1. The following logical interpretation does not cover the very fact of the hierarchy existing between the functional heads. Thus, we will consider the rows of Cinque’s table in an arbitrary order.
2. Our interpretation will miss the first row (the area of speech act distinction: declarative [indicative], interrogative, imperative, and so on). We are interested in the internal modal structure only, which is the same regardless to this kind of grammatical distinction.
3. In the original Cinque’s table, there are four rows which are repeated twice with the only distinction in number, either “I” or “II”: repetitive, frequentative, celerative, and completive aspects (“completive I” is meant for both completive-sg and completive-pl). The I-rows and the II-rows differ in the area of quantification only, over either acts (I-rows) or events (II-rows). For both series, the logical structure is the same, and so, we do not differ between them.
4. Thus, the following interpretation is referring to a simplified Cinque’s table: without the first and the four last rows and with an arbitrary rows’ order.

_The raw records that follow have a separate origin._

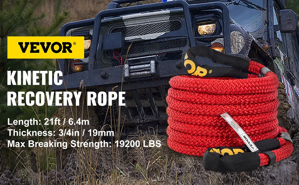 La cuerda de remolque de energía cinética VEVOR presenta alta resistencia, mejor durabilidad y extensibilidad, y un rendimiento profesional, muy superior a otras correas de arranque y cables de acero. La cuerda de recuperación de 3/4"x21' se estira un 30% bajo presión y retrocede para ayudar a reducir el impacto causado por el remolque en el vehículo. Adecuado para cualquier condición dura, sacándote de cualquier problema.
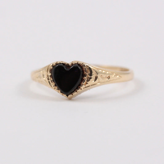 Vintage 9ct Gold Onyx Heart Signet Ring, 1993
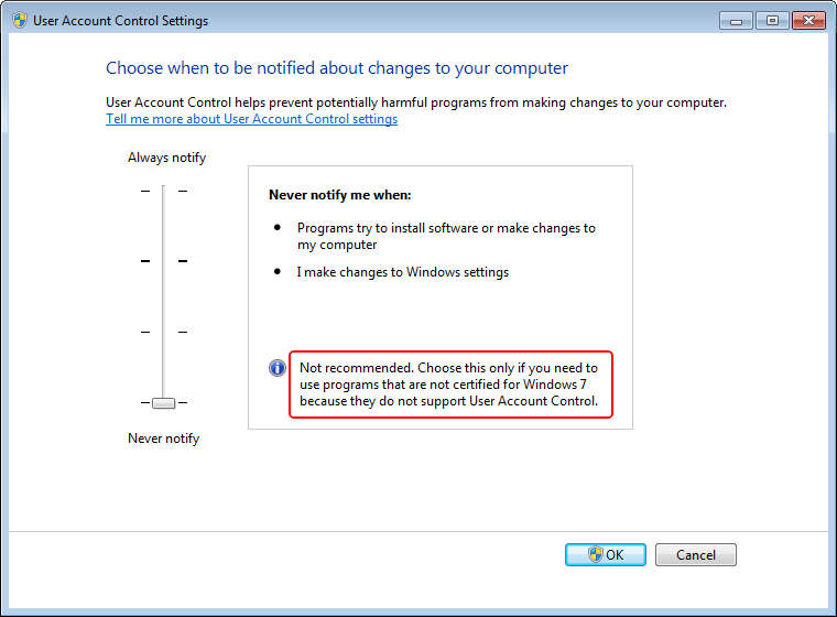 The introduction of the User Access Control [UAC] security subsystem in Windows Vista (and enhanced in Windows 7) was accompanied by new Application Program Interfaces [APIs] which did not exist in earlier versions of Windows®. Microsoft views this as a positive because it “obsoletes” earlier software, generating upgrade revenue, and discourages competitors by forcing the cost of software modifications on them. This tactic also influences software vendors to stop supporting Windows® versions from which Microsoft no longer receives income. For example, any program which interacts with UAC is excluded from running on Windows 2003, Windows XP or earlier Windows versions (because UAC does not exist in them).

пока что напишу сюда и такое: ))
5. I am very sorry to acknowledge that right now, I don’t know what to do with the Voice row, either. Very probably, it will be not fitting my system, alike the first Cinque’s row. But I will ponder when writing the following stuff, and so, let’s see.
19 Logical interpretation of Cinque’s table: binary oppositions
Cinque follows the structuralist tradition, especially Roman Jacobson, in discerning between “default” and “marked” values of each operator (“functional head,” in his terms). These binary oppositions proved to be useful in various kinds of linguistic analysis, but they were never “deduced” from any logical abstraction.
Seeing from logic’s corner, we are prepared to encounter, in these binary oppositions, some confusion between generalized quantifiers. Indeed, we have seen that for a large branch of logic, the logic of preferences, the quantifiers of ‹1, 1, 1› type form binary oppositions. Moreover, the triplet structures formed by ‹1, 1› type quantifiers look sometime as binary oppositions, too (not to say that these triplets belong to the complete squares of the quantifiers, and we know a priori nothing about the possible linguistic role of the internal negation). The “true” binary opposition looks as A vs B; a binary opposition that is a fragment of the triplet ABC looks as either A vs B or B vs C, that is very similar, but with an important implication of being a part of the triplet structure as a whole.
Such considerations we need to have in mind when approaching empirical binary oppositions of Cinque with a theoretical tool of logical analysis.